» INPUT DATA
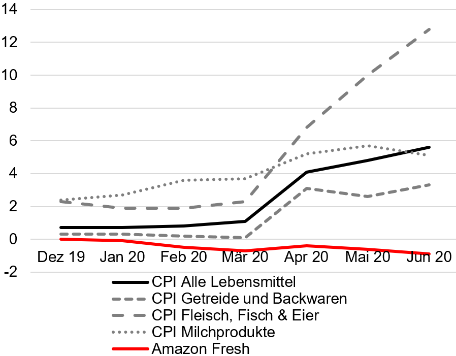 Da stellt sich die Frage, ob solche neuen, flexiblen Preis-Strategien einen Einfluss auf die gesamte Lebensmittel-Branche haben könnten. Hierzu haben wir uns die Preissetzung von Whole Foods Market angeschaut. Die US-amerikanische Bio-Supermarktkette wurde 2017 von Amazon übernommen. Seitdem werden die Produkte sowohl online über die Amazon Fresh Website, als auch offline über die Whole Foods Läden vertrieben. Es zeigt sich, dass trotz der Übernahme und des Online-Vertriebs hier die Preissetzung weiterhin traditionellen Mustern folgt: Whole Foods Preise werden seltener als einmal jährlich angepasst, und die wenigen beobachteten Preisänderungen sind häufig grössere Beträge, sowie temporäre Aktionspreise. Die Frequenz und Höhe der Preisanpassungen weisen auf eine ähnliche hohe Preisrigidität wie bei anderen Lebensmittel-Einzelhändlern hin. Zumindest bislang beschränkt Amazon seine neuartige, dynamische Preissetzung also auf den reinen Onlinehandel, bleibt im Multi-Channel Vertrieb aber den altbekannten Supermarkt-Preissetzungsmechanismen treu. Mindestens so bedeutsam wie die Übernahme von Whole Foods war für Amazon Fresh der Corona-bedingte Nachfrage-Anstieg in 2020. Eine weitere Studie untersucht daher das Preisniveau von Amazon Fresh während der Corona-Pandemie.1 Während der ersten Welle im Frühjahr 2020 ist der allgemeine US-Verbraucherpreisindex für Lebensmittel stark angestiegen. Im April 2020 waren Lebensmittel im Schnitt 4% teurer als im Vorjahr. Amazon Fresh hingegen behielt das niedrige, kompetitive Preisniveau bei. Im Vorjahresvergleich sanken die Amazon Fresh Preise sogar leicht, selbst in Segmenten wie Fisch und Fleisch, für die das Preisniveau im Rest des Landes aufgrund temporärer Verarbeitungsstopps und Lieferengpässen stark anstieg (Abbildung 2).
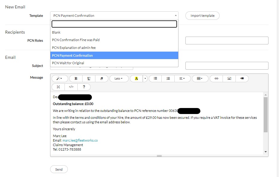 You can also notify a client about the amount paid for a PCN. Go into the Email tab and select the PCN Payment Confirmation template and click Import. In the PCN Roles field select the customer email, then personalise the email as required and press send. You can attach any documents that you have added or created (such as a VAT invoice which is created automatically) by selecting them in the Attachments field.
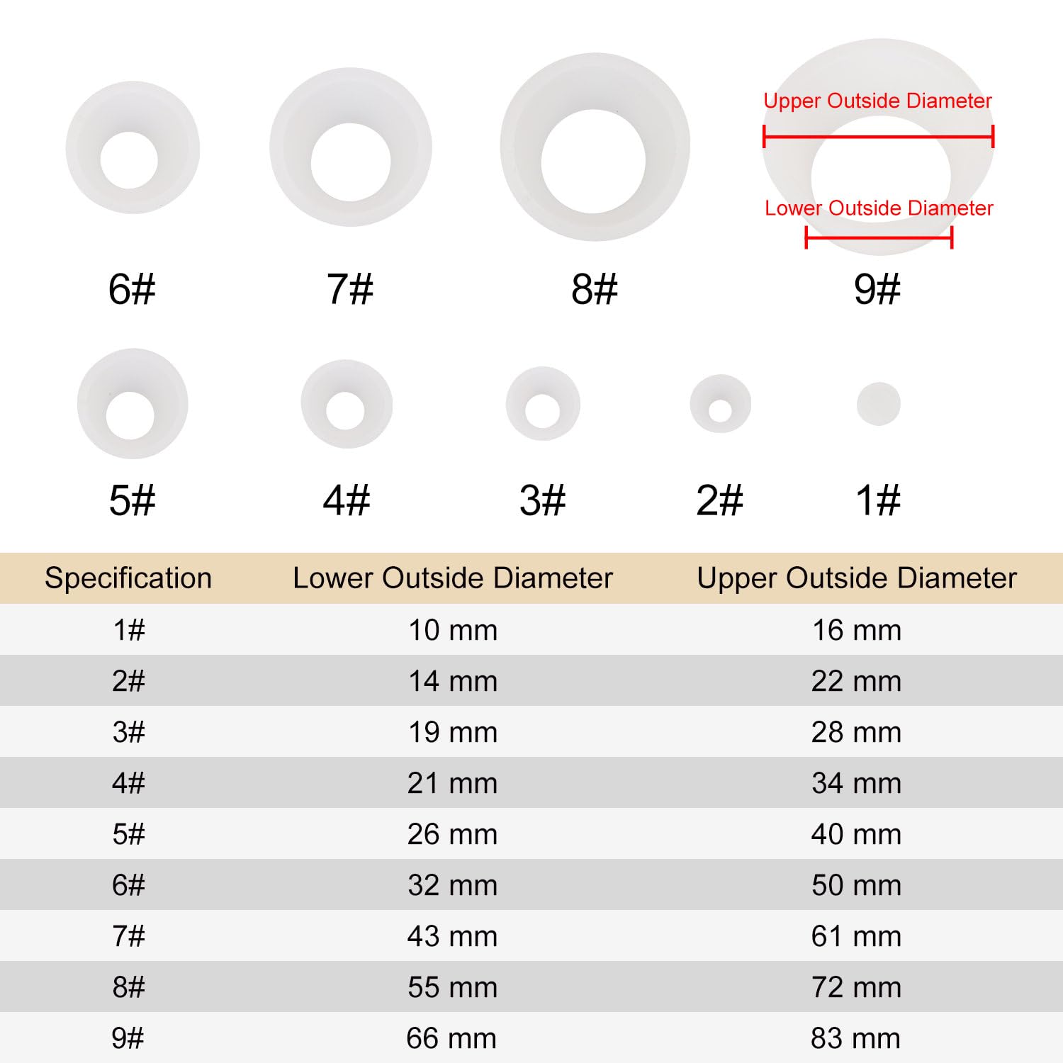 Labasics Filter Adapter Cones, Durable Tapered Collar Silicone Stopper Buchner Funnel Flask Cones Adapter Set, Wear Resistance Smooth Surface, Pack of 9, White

» TASK DESCRIPTION
Give the material above again exactly as it stands, minus any images.

» TASK OUTPUT
 Da stellt sich die Frage, ob solche neuen, flexiblen Preis-Strategien einen Einfluss auf die gesamte Lebensmittel-Branche haben könnten. Hierzu haben wir uns die Preissetzung von Whole Foods Market angeschaut. Die US-amerikanische Bio-Supermarktkette wurde 2017 von Amazon übernommen. Seitdem werden die Produkte sowohl online über die Amazon Fresh Website, als auch offline über die Whole Foods Läden vertrieben. Es zeigt sich, dass trotz der Übernahme und des Online-Vertriebs hier die Preissetzung weiterhin traditionellen Mustern folgt: Whole Foods Preise werden seltener als einmal jährlich angepasst, und die wenigen beobachteten Preisänderungen sind häufig grössere Beträge, sowie temporäre Aktionspreise. Die Frequenz und Höhe der Preisanpassungen weisen auf eine ähnliche hohe Preisrigidität wie bei anderen Lebensmittel-Einzelhändlern hin. Zumindest bislang beschränkt Amazon seine neuartige, dynamische Preissetzung also auf den reinen Onlinehandel, bleibt im Multi-Channel Vertrieb aber den altbekannten Supermarkt-Preissetzungsmechanismen treu. Mindestens so bedeutsam wie die Übernahme von Whole Foods war für Amazon Fresh der Corona-bedingte Nachfrage-Anstieg in 2020. Eine weitere Studie untersucht daher das Preisniveau von Amazon Fresh während der Corona-Pandemie.1 Während der ersten Welle im Frühjahr 2020 ist der allgemeine US-Verbraucherpreisindex für Lebensmittel stark angestiegen. Im April 2020 waren Lebensmittel im Schnitt 4% teurer als im Vorjahr. Amazon Fresh hingegen behielt das niedrige, kompetitive Preisniveau bei. Im Vorjahresvergleich sanken die Amazon Fresh Preise sogar leicht, selbst in Segmenten wie Fisch und Fleisch, für die das Preisniveau im Rest des Landes aufgrund temporärer Verarbeitungsstopps und Lieferengpässen stark anstieg (Abbildung 2).
 You can also notify a client about the amount paid for a PCN. Go into the Email tab and select the PCN Payment Confirmation template and click Import. In the PCN Roles field select the customer email, then personalise the email as required and press send. You can attach any documents that you have added or created (such as a VAT invoice which is created automatically) by selecting them in the Attachments field.
 Labasics Filter Adapter Cones, Durable Tapered Collar Silicone Stopper Buchner Funnel Flask Cones Adapter Set, Wear Resistance Smooth Surface, Pack of 9, White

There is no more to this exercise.